• _Supplied data_:

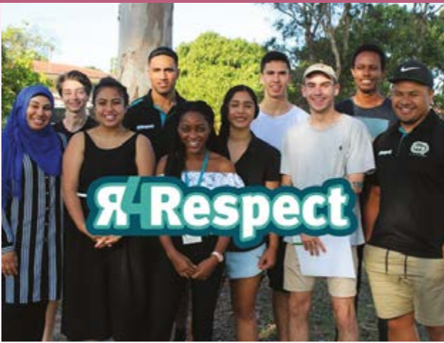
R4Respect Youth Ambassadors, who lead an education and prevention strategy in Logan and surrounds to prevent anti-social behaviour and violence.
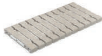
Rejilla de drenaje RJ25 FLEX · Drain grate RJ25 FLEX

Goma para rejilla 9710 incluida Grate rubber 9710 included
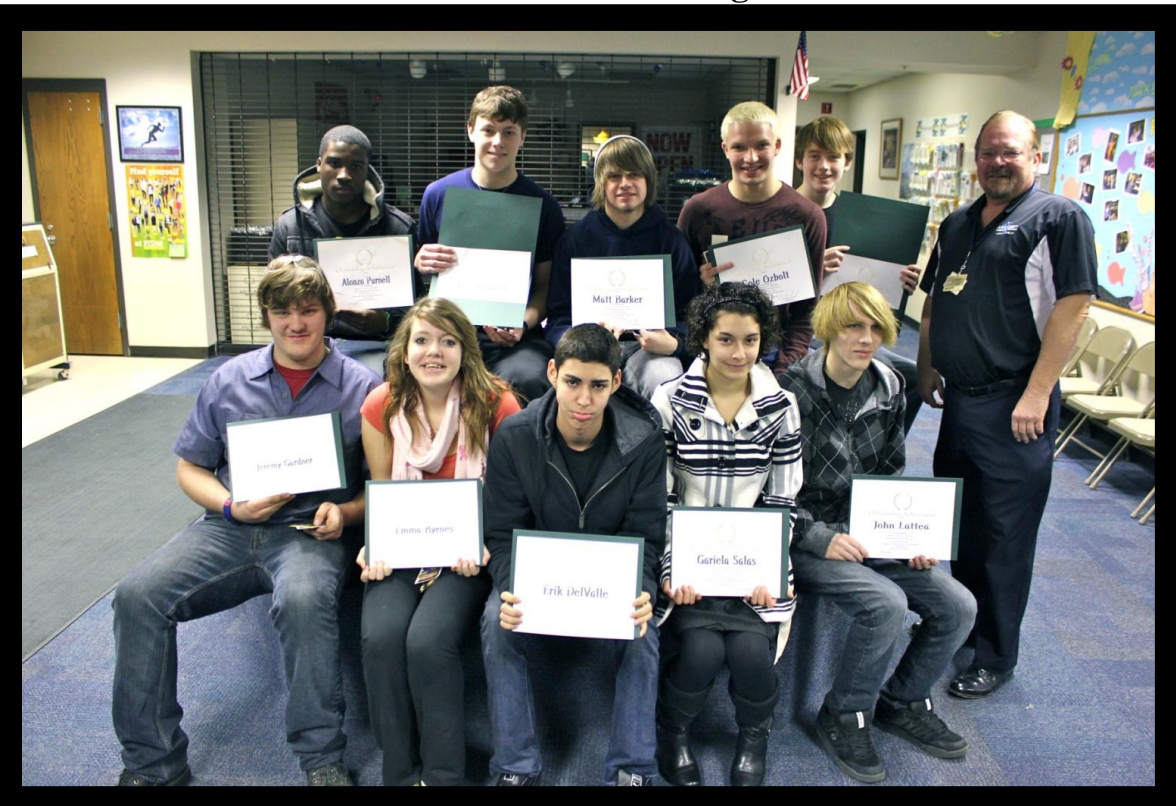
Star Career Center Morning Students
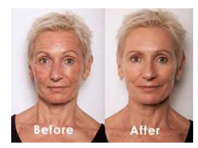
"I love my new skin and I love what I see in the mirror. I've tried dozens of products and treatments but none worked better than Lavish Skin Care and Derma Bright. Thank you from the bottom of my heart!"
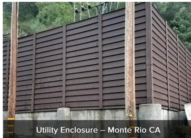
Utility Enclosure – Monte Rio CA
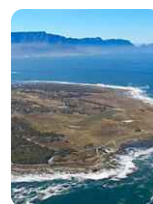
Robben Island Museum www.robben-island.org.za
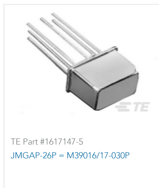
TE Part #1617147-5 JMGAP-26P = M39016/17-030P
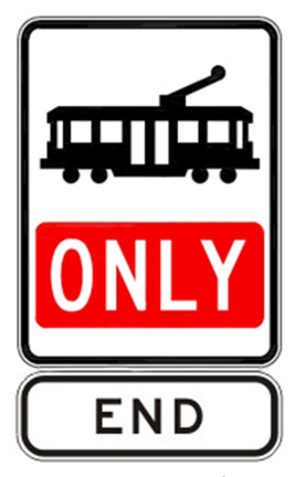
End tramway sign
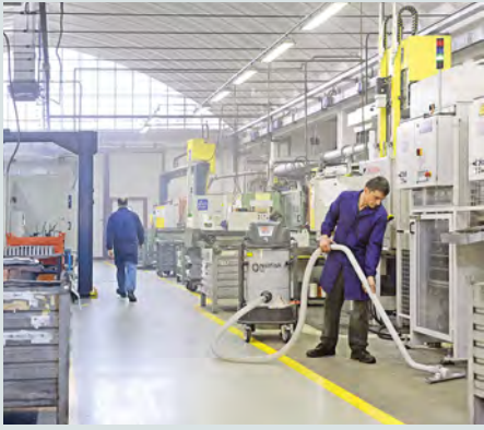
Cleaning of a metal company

• _What you should do_:
The copy starts at the line holding "Robben Island Museum www.robben-island.org.za" and ends at the last line of the records above. Transcribe those lines exactly, pictures excluded.

• _Task response_:
Robben Island Museum www.robben-island.org.za
TE Part #1617147-5 JMGAP-26P = M39016/17-030P
End tramway sign
Cleaning of a metal company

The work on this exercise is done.